Monday, Apr. 14, 1958
Voice in the Land
Toward the end of winter, Washington seemed to be in the grip of the word "inevitable." A meeting at the summit was inevitable; a quick tax cut to brake the recession was inevitable; some kind of politically popular, high-subsidy farm program was inevitable; a wishy-washy Pentagon reorganization plan was inevitable. Last week the President, back in command of the Administration in all its divisions, proved in a busy week that there is nothing inevitable about anything when leadership provides its own direction. Items:
Recession.

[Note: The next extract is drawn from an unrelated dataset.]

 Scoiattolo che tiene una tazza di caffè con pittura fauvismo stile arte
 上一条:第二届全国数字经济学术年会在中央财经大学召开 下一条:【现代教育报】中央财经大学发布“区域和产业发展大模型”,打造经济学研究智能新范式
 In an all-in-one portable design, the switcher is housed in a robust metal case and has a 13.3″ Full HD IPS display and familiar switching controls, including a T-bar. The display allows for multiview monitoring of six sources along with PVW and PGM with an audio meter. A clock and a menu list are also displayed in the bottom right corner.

Optimistic over the week's economic reports, the President preached less hurry-up spending, quietly opposed any quick tax cut, inspired G.O.P. congressional leaders to brace at last against the avalanche of Democratic antirecession bills and win their biggest legislative battle of the session.
Farm. Ignoring panicky pleas from farm-state Republicans, the President put principle over politics, vetoed a Democratic bill freezing 1958 supports at 1957 levels. In his veto message he explained why the bill would do farmers more harm than good. From the land came kudos for his courage.

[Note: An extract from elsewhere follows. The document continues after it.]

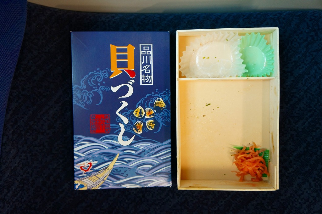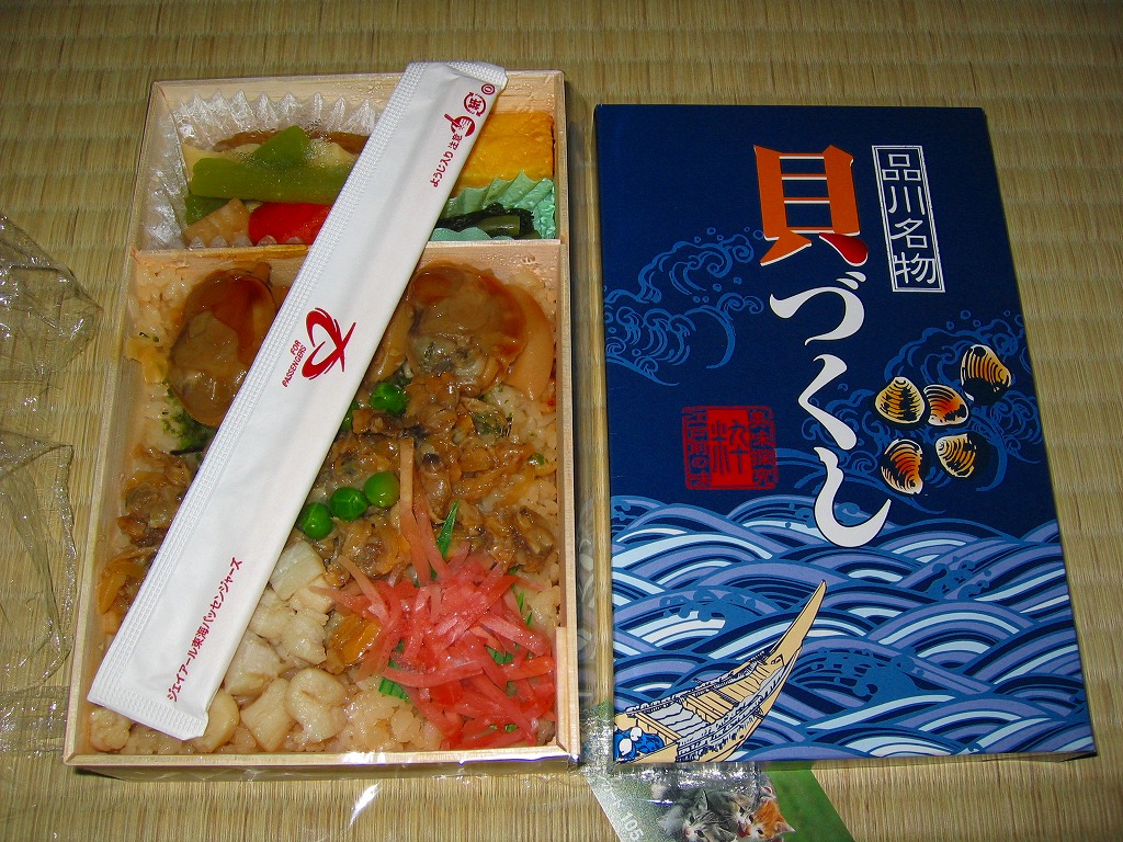 貝は今では品川の名物ではないと思うが、古く江戸時代から大正時代過ぎまで、品川は東京湾に面し、のちに江戸前と呼ばれる魚介類の産地であり、新橋駅までの線路は海上を通っていた。埋め立てで駅や車庫を拡張し、昭和時代には工場や住宅などのために埋立地がさらに沖へと広がり、品川から海と海産物が消えた。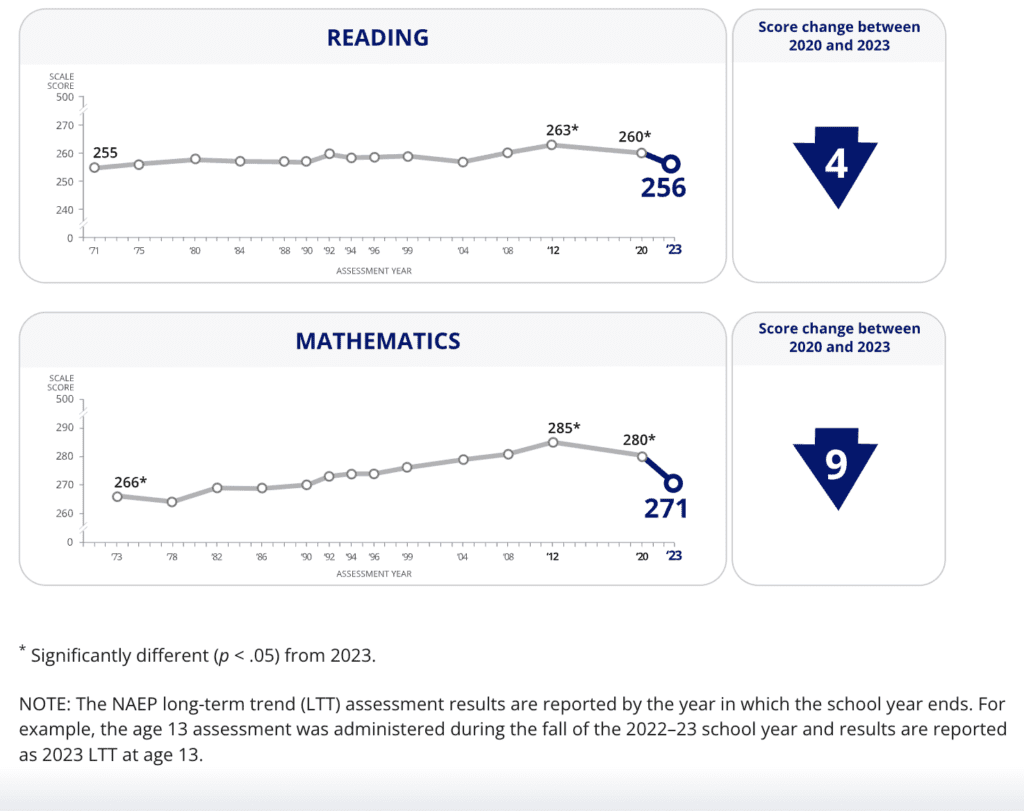 Our nation’s 8th grade NAEP scores are nearly back to where they were in 1970, having experienced a 14-point decline in math in a little over a decade and a 7-point decline in reading in the same period.

Space. The President sent Congress a careful blueprint for space agencies and space exploration that is bold but durable and sensible enough to last as a work guide for decades.
Defense. As promised in his State of the Union message, he sent Congress the outline for his defense reorganization plan. It reflected his own military experience, bore his own touch. If carried through, it can ultimately be as important to the U.S. as any of its new weapons, because it gears the military establishment to fast decisions in the day of instant war.
Nowhere was the mood of the week better displayed than at the President's news conference. Visibly buoyed by the capital's warming weather, he opened the session with a reference to haunting lines of the Song of Solomon: "The winter is past, the rain is over and gone; the flowers appear on the earth; the time of the singing of birds is come, and the voice of the turtle is heard in our land.'' Ike looked well and obviously felt well: for the next 30 minutes he staged a performance that turned out to be his best conference since his stroke.
Leaving the Indian Treaty Room at conference's end, more than one newsman was impressed enough to report that the clearest springtime voice to be heard last week was the voice of the President of the U.S.